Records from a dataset
--------------------------------

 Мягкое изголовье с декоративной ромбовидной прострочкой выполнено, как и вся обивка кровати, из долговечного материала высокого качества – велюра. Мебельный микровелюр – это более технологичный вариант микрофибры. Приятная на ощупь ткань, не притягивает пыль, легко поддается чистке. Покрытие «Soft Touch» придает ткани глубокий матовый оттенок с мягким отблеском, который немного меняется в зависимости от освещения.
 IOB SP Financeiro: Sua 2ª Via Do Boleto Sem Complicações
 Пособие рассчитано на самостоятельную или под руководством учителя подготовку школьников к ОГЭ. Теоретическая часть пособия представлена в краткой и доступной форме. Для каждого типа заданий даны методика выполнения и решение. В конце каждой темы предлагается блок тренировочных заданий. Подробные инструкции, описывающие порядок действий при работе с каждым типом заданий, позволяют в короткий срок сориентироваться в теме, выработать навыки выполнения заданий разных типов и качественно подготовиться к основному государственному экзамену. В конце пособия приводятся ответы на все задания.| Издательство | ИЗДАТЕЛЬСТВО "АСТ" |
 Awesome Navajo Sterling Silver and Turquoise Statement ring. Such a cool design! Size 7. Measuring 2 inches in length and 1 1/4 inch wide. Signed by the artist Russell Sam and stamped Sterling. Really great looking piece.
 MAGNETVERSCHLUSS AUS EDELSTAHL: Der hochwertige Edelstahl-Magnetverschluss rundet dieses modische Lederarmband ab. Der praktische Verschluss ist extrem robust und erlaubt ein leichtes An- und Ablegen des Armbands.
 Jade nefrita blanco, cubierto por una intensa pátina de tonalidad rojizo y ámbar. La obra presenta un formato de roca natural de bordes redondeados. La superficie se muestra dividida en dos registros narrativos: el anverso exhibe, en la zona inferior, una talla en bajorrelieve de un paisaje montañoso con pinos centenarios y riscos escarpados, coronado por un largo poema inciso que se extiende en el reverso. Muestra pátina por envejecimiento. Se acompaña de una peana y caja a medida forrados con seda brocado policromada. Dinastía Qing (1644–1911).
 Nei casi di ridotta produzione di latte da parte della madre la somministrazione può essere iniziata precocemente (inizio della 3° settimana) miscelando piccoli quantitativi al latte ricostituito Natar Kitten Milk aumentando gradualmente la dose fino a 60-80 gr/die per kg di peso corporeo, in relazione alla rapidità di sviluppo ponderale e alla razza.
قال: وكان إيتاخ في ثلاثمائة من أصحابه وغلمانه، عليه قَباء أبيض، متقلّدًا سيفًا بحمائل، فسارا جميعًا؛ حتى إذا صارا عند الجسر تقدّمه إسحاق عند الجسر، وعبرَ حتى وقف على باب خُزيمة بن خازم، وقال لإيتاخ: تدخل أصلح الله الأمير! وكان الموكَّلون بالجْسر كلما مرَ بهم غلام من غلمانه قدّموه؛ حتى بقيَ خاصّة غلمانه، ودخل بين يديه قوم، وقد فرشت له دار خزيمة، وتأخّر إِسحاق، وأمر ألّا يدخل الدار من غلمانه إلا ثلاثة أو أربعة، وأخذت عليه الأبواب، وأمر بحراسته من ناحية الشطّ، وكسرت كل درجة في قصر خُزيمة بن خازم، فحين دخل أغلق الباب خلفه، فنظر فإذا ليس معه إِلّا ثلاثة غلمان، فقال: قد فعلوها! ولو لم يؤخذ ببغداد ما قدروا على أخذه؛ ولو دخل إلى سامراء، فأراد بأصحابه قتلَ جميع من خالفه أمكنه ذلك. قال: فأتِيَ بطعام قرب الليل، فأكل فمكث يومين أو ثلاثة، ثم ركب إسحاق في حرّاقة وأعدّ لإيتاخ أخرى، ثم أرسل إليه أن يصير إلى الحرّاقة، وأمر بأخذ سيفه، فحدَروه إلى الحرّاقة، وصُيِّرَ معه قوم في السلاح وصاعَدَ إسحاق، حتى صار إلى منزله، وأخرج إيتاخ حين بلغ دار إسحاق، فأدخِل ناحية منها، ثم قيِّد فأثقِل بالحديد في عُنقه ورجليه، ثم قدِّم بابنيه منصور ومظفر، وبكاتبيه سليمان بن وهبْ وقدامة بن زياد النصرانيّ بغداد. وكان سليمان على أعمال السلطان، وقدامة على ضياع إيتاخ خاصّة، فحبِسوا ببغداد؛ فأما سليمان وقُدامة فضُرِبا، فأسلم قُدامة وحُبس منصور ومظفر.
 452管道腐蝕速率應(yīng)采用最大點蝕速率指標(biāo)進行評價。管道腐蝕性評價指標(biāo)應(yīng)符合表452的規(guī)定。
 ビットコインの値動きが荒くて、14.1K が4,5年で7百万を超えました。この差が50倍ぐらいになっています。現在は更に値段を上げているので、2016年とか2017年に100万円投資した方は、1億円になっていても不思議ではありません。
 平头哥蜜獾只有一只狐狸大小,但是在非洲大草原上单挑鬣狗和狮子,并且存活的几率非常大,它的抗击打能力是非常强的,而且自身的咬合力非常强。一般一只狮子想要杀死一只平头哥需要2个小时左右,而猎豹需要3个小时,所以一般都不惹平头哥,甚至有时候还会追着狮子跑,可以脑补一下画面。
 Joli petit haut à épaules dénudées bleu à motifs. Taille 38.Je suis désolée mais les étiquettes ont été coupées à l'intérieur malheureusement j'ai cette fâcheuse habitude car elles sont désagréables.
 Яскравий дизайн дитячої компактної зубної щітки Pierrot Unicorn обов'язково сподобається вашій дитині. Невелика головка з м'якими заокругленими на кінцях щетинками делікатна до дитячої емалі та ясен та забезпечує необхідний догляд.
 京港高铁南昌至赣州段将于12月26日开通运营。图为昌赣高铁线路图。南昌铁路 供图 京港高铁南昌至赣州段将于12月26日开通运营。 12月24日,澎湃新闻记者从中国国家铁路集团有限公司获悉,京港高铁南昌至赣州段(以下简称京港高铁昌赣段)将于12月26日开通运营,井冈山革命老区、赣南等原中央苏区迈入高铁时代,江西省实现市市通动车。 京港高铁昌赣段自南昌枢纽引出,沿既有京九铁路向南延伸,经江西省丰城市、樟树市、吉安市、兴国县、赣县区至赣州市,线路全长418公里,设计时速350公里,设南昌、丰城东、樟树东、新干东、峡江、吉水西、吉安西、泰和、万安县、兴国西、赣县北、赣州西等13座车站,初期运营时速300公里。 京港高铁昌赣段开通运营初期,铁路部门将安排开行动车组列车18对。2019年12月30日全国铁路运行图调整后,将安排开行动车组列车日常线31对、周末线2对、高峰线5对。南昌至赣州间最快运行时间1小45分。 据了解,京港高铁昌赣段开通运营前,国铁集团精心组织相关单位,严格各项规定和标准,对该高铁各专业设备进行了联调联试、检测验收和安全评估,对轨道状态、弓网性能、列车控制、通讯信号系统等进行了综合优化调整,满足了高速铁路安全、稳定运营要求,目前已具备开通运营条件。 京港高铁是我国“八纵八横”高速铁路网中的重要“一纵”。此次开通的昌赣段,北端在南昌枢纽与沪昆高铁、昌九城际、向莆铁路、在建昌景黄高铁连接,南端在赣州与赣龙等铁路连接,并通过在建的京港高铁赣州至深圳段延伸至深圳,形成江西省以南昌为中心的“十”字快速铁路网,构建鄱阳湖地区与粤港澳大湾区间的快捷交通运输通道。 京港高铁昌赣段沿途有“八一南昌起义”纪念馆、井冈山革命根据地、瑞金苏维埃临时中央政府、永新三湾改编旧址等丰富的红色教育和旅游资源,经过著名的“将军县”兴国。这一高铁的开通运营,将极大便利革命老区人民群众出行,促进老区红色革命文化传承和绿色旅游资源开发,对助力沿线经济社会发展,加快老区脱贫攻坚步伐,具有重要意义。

--------------------------------

--- PROBLEM ---
All of the data above should be reproduced word for word.

--- FINISHED EXERCISE ---
 Мягкое изголовье с декоративной ромбовидной прострочкой выполнено, как и вся обивка кровати, из долговечного материала высокого качества – велюра. Мебельный микровелюр – это более технологичный вариант микрофибры. Приятная на ощупь ткань, не притягивает пыль, легко поддается чистке. Покрытие «Soft Touch» придает ткани глубокий матовый оттенок с мягким отблеском, который немного меняется в зависимости от освещения.
 IOB SP Financeiro: Sua 2ª Via Do Boleto Sem Complicações
 Пособие рассчитано на самостоятельную или под руководством учителя подготовку школьников к ОГЭ. Теоретическая часть пособия представлена в краткой и доступной форме. Для каждого типа заданий даны методика выполнения и решение. В конце каждой темы предлагается блок тренировочных заданий. Подробные инструкции, описывающие порядок действий при работе с каждым типом заданий, позволяют в короткий срок сориентироваться в теме, выработать навыки выполнения заданий разных типов и качественно подготовиться к основному государственному экзамену. В конце пособия приводятся ответы на все задания.| Издательство | ИЗДАТЕЛЬСТВО "АСТ" |
 Awesome Navajo Sterling Silver and Turquoise Statement ring. Such a cool design! Size 7. Measuring 2 inches in length and 1 1/4 inch wide. Signed by the artist Russell Sam and stamped Sterling. Really great looking piece.
 MAGNETVERSCHLUSS AUS EDELSTAHL: Der hochwertige Edelstahl-Magnetverschluss rundet dieses modische Lederarmband ab. Der praktische Verschluss ist extrem robust und erlaubt ein leichtes An- und Ablegen des Armbands.
 Jade nefrita blanco, cubierto por una intensa pátina de tonalidad rojizo y ámbar. La obra presenta un formato de roca natural de bordes redondeados. La superficie se muestra dividida en dos registros narrativos: el anverso exhibe, en la zona inferior, una talla en bajorrelieve de un paisaje montañoso con pinos centenarios y riscos escarpados, coronado por un largo poema inciso que se extiende en el reverso. Muestra pátina por envejecimiento. Se acompaña de una peana y caja a medida forrados con seda brocado policromada. Dinastía Qing (1644–1911).
 Nei casi di ridotta produzione di latte da parte della madre la somministrazione può essere iniziata precocemente (inizio della 3° settimana) miscelando piccoli quantitativi al latte ricostituito Natar Kitten Milk aumentando gradualmente la dose fino a 60-80 gr/die per kg di peso corporeo, in relazione alla rapidità di sviluppo ponderale e alla razza.
قال: وكان إيتاخ في ثلاثمائة من أصحابه وغلمانه، عليه قَباء أبيض، متقلّدًا سيفًا بحمائل، فسارا جميعًا؛ حتى إذا صارا عند الجسر تقدّمه إسحاق عند الجسر، وعبرَ حتى وقف على باب خُزيمة بن خازم، وقال لإيتاخ: تدخل أصلح الله الأمير! وكان الموكَّلون بالجْسر كلما مرَ بهم غلام من غلمانه قدّموه؛ حتى بقيَ خاصّة غلمانه، ودخل بين يديه قوم، وقد فرشت له دار خزيمة، وتأخّر إِسحاق، وأمر ألّا يدخل الدار من غلمانه إلا ثلاثة أو أربعة، وأخذت عليه الأبواب، وأمر بحراسته من ناحية الشطّ، وكسرت كل درجة في قصر خُزيمة بن خازم، فحين دخل أغلق الباب خلفه، فنظر فإذا ليس معه إِلّا ثلاثة غلمان، فقال: قد فعلوها! ولو لم يؤخذ ببغداد ما قدروا على أخذه؛ ولو دخل إلى سامراء، فأراد بأصحابه قتلَ جميع من خالفه أمكنه ذلك. قال: فأتِيَ بطعام قرب الليل، فأكل فمكث يومين أو ثلاثة، ثم ركب إسحاق في حرّاقة وأعدّ لإيتاخ أخرى، ثم أرسل إليه أن يصير إلى الحرّاقة، وأمر بأخذ سيفه، فحدَروه إلى الحرّاقة، وصُيِّرَ معه قوم في السلاح وصاعَدَ إسحاق، حتى صار إلى منزله، وأخرج إيتاخ حين بلغ دار إسحاق، فأدخِل ناحية منها، ثم قيِّد فأثقِل بالحديد في عُنقه ورجليه، ثم قدِّم بابنيه منصور ومظفر، وبكاتبيه سليمان بن وهبْ وقدامة بن زياد النصرانيّ بغداد. وكان سليمان على أعمال السلطان، وقدامة على ضياع إيتاخ خاصّة، فحبِسوا ببغداد؛ فأما سليمان وقُدامة فضُرِبا، فأسلم قُدامة وحُبس منصور ومظفر.
 452管道腐蝕速率應(yīng)采用最大點蝕速率指標(biāo)進行評價。管道腐蝕性評價指標(biāo)應(yīng)符合表452的規(guī)定。
 ビットコインの値動きが荒くて、14.1K が4,5年で7百万を超えました。この差が50倍ぐらいになっています。現在は更に値段を上げているので、2016年とか2017年に100万円投資した方は、1億円になっていても不思議ではありません。
 平头哥蜜獾只有一只狐狸大小,但是在非洲大草原上单挑鬣狗和狮子,并且存活的几率非常大,它的抗击打能力是非常强的,而且自身的咬合力非常强。一般一只狮子想要杀死一只平头哥需要2个小时左右,而猎豹需要3个小时,所以一般都不惹平头哥,甚至有时候还会追着狮子跑,可以脑补一下画面。
 Joli petit haut à épaules dénudées bleu à motifs. Taille 38.Je suis désolée mais les étiquettes ont été coupées à l'intérieur malheureusement j'ai cette fâcheuse habitude car elles sont désagréables.
 Яскравий дизайн дитячої компактної зубної щітки Pierrot Unicorn обов'язково сподобається вашій дитині. Невелика головка з м'якими заокругленими на кінцях щетинками делікатна до дитячої емалі та ясен та забезпечує необхідний догляд.
 京港高铁南昌至赣州段将于12月26日开通运营。图为昌赣高铁线路图。南昌铁路 供图 京港高铁南昌至赣州段将于12月26日开通运营。 12月24日,澎湃新闻记者从中国国家铁路集团有限公司获悉,京港高铁南昌至赣州段(以下简称京港高铁昌赣段)将于12月26日开通运营,井冈山革命老区、赣南等原中央苏区迈入高铁时代,江西省实现市市通动车。 京港高铁昌赣段自南昌枢纽引出,沿既有京九铁路向南延伸,经江西省丰城市、樟树市、吉安市、兴国县、赣县区至赣州市,线路全长418公里,设计时速350公里,设南昌、丰城东、樟树东、新干东、峡江、吉水西、吉安西、泰和、万安县、兴国西、赣县北、赣州西等13座车站,初期运营时速300公里。 京港高铁昌赣段开通运营初期,铁路部门将安排开行动车组列车18对。2019年12月30日全国铁路运行图调整后,将安排开行动车组列车日常线31对、周末线2对、高峰线5对。南昌至赣州间最快运行时间1小45分。 据了解,京港高铁昌赣段开通运营前,国铁集团精心组织相关单位,严格各项规定和标准,对该高铁各专业设备进行了联调联试、检测验收和安全评估,对轨道状态、弓网性能、列车控制、通讯信号系统等进行了综合优化调整,满足了高速铁路安全、稳定运营要求,目前已具备开通运营条件。 京港高铁是我国“八纵八横”高速铁路网中的重要“一纵”。此次开通的昌赣段,北端在南昌枢纽与沪昆高铁、昌九城际、向莆铁路、在建昌景黄高铁连接,南端在赣州与赣龙等铁路连接,并通过在建的京港高铁赣州至深圳段延伸至深圳,形成江西省以南昌为中心的“十”字快速铁路网,构建鄱阳湖地区与粤港澳大湾区间的快捷交通运输通道。 京港高铁昌赣段沿途有“八一南昌起义”纪念馆、井冈山革命根据地、瑞金苏维埃临时中央政府、永新三湾改编旧址等丰富的红色教育和旅游资源,经过著名的“将军县”兴国。这一高铁的开通运营,将极大便利革命老区人民群众出行,促进老区红色革命文化传承和绿色旅游资源开发,对助力沿线经济社会发展,加快老区脱贫攻坚步伐,具有重要意义。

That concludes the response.